Information provided START

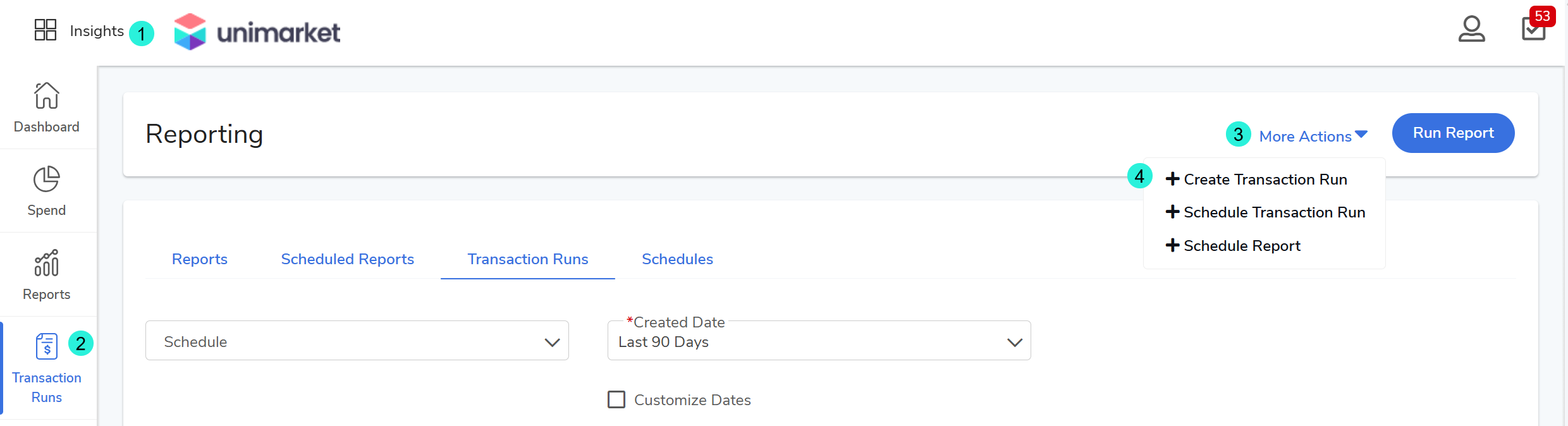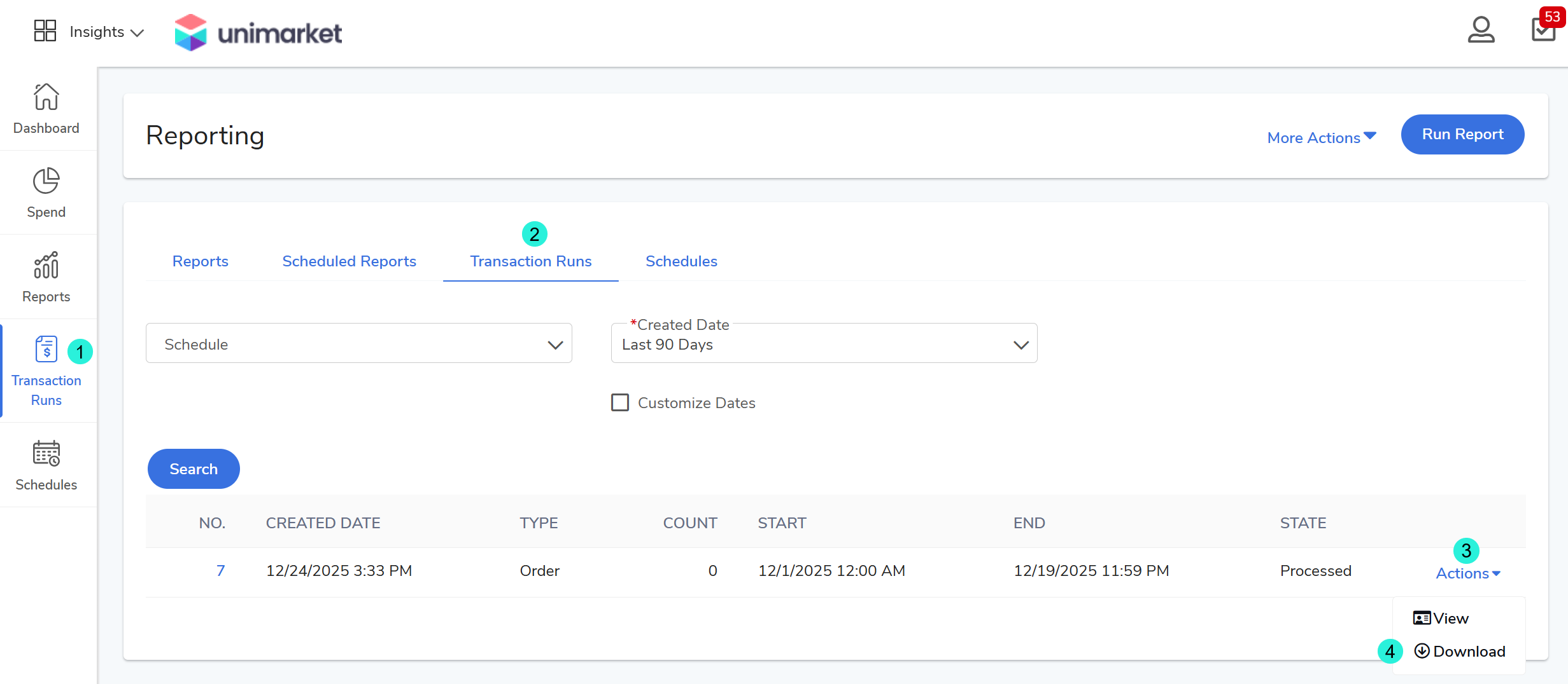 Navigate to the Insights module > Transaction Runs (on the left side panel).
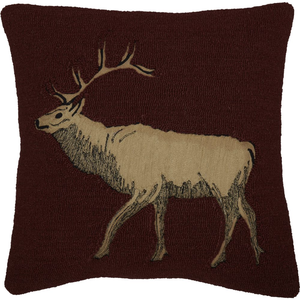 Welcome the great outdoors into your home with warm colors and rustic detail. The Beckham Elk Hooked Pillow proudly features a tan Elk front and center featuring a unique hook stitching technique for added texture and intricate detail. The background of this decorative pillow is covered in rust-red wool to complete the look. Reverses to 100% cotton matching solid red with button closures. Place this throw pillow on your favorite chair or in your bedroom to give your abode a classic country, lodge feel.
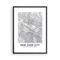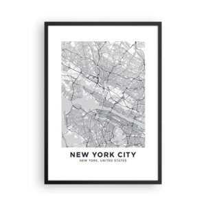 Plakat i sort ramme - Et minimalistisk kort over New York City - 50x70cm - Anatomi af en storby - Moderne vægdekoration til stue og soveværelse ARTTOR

Information provided END

Copy out the data verbatim, excluding the pictures.

## Written solution
 Navigate to the Insights module > Transaction Runs (on the left side panel).
 Welcome the great outdoors into your home with warm colors and rustic detail. The Beckham Elk Hooked Pillow proudly features a tan Elk front and center featuring a unique hook stitching technique for added texture and intricate detail. The background of this decorative pillow is covered in rust-red wool to complete the look. Reverses to 100% cotton matching solid red with button closures. Place this throw pillow on your favorite chair or in your bedroom to give your abode a classic country, lodge feel.
 Plakat i sort ramme - Et minimalistisk kort over New York City - 50x70cm - Anatomi af en storby - Moderne vægdekoration til stue og soveværelse ARTTOR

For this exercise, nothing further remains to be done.